Michael Tyree, Library Director
West Bend Community Memorial Library
630 Poplar Street
West Bend, WI 53095
Voice: 262-335-5151, ext. 125
FAX: 262-335-5150

Publication: APD - West Bend Daily News;
Date: Mar 21, 2009;
Section: Front Page
Page Number: A1

Meeting on Gay-Themed Books Postponed; Library Board Asks That Complaint Be Further Clarified

By DAVE RANK Daily News Staff


A meeting to discuss a citizen complaint on the inclusion of gay-themed books at the West Bend Community Memorial Library is being postponed, the library director said Thursday, until the complainants clarify which books they object to.

On Feb. 12, Ginny and Jim Maziarka of West Bend filed a formal request for reconsideration of library materials complaint, objecting to all books in the Out of the Closet category listed in the Young Adult section of the library’s Web site.

A March 3 meeting of the Library Board at which the complaint was to be discussed was postponed at the request of the West Bend Fire Department because more people were in the City Hall’s Common Council Chamber than its 265-person capacity.

That meeting had been rescheduled from the library to City Hall in an effort to accommodate an anticipated larger crowd.

The library was looking for a larger facility to hold the meeting.

In an exchange of e-mails Thursday and Friday also sent to the Daily News, Library Director Michael Tyree, following consultation with City Attorney Mary Schanning, informed the Maziarkas that public statements they made since filing their original complaint indicated they wanted certain books banned, not the entire category.

Because of that, Tyree wrote, the Maziarkas “will need to file individual requests about specific books that they object to and state reasons for their objection.
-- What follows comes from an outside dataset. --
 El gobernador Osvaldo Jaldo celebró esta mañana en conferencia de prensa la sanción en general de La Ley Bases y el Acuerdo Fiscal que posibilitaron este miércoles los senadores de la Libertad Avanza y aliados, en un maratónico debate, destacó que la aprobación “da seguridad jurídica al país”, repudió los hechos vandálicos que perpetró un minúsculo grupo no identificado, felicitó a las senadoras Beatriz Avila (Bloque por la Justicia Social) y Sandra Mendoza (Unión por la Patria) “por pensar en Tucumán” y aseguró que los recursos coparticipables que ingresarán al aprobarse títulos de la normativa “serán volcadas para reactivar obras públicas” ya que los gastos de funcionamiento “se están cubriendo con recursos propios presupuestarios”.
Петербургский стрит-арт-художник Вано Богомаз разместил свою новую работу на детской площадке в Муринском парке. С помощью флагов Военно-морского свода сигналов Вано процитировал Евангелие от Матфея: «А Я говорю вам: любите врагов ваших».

These complaints will go through the normal reconsideration process which involves two meetings with library staff before their requests can go before the (Library) Board.”

“Essentially, what is being requested is that the Maziarkas clarify their complaint and work through the existing process regarding any specific books which they object to,” Tyree told the Daily News.
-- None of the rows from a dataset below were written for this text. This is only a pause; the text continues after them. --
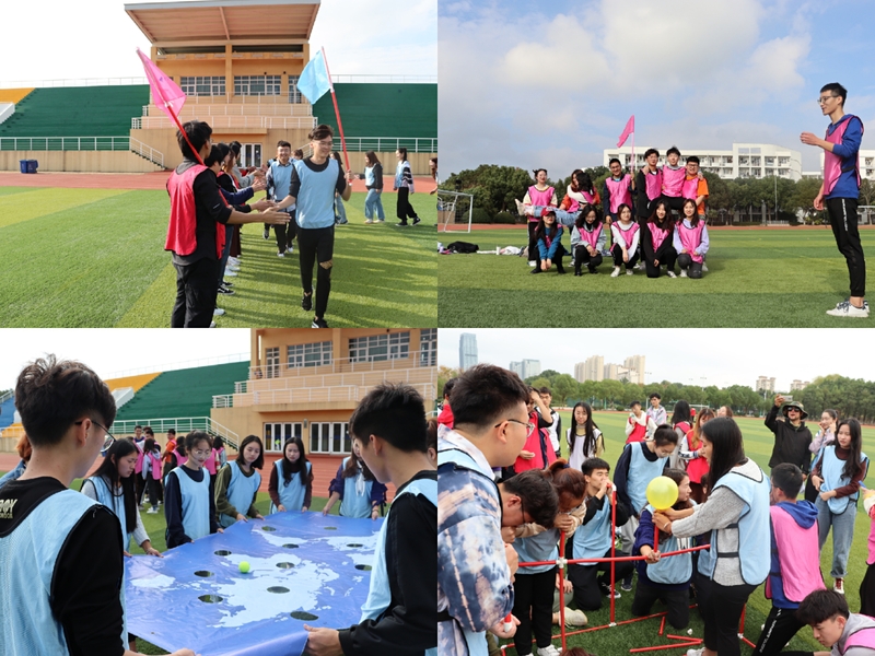 活动在操场举行,分为理论指导、团队游戏、总结反思三个部分。根据要求,参与同学分成四个小组,以团队为单位完成世界球、呼吸的力量、穿越雷阵图、动力圈四个项目。培训老师通过一系列活动调动了大家的热情与积极性,增加了彼此之间的互动,增强了团队的凝聚力,发挥出团队协作的力量。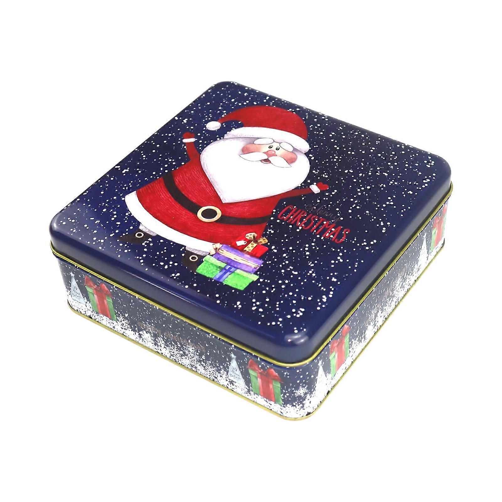 Square Christmas Cookie Tin with Lid, Festive Santa Claus Container for Holiday Treats and Gifts (Purple)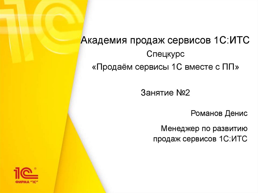Спецкурс «Продаём сервисы 1С вместе с ПП» Занятие №2

In their responding e-mail Friday morning, the Maziarkas called Tyree’s decision “the library board’s attempts to unilaterally withdraw our appeal without our permission and duck the issue that has now garnered much public attention so as to maneuver the issue out of the public eye and scrutiny with delay and the use of more private meetings with staff.”

“They know what is in these books and they know they will be shamed by any public airing of it,” Ginny Maziarka wrote to the Daily News.
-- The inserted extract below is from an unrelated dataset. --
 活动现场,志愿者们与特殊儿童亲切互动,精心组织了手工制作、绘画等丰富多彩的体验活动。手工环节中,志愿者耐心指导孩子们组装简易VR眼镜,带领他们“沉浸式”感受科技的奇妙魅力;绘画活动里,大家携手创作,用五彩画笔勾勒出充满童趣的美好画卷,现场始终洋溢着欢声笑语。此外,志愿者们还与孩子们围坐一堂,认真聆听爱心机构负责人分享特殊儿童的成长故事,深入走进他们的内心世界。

“We would like to clarify that our original request stands,” the Maziarkas wrote to Tyree.

The Maziarkas said they initially sent a letter protesting the inclusion of “homosexual materials in the library as well as on the (library’s) web site.” They complied when Tyree told them they needed to fill out the formal request for reconsideration of library materials and discuss it with Young Adult librarian Kristin Pekoll before the Library Board could act on it. They then followed library procedures and talked to Tyree, after which the complaint was added to the Library Board agenda.

The letter and the formal complaint should be sufficient to trigger a hearing, the Maziarkas wrote in their e-mail. “We have been through this process once now and we have not withdrawn anything. All we have done is respond to your requests for clarification and more specifics, which we have done carefully and thoroughly.

“We insist on our appeal rights as we feel your withdrawal of our complaint is in gross error. We wish to proceed with the staff decisions that have already been fully discussed.”

The Maziarkas wrote that they feel “there is no point in breaking up the request into sub requests” and starting the process all over.

Tyree said the Maziarkas’ original complaint objected to all books in the Out of the Closet category and not to specific books.

“Since the cancellation of the March 3, 2009 meeting, Mr. and Mrs. Maziarka have stated to the media, in blogs and to the City Attorney via email that they do not want to ban all of the books in the ‘Out of the Closet’ category. The City Attorney interprets this to mean that their original complaint has been withdrawn. The Attorney’s analysis of what has been in the media, in their blogs and what the Maziarkas e-mailed to her is that they are now objecting to specific books within the genre.”

Library Board meeting is normally are held on the first Tuesday of the month but that will not happen next month. Tuesday, April 7 is the spring general election.

Tyree said he is still working on putting together a meeting in front of the Library Board.


.

12 comments:

  1. I agree with the city attorney and library officials that Ginny Maziarka's public statements (in the print media, during interview for TV and radio, and her personal blog) negate (and therefore withdraw) her original complaint, which I have seen as it is now a matter of public record. You cannot make an official complaint, and then keep amending it with different demands; this is what the Maziarkas have done. I invite anyone that questions this to take a look at the complaint documents and her blog and decide for him/herself.

    ReplyDelete
  2. Maria Hanrahan, thank you for commenting here.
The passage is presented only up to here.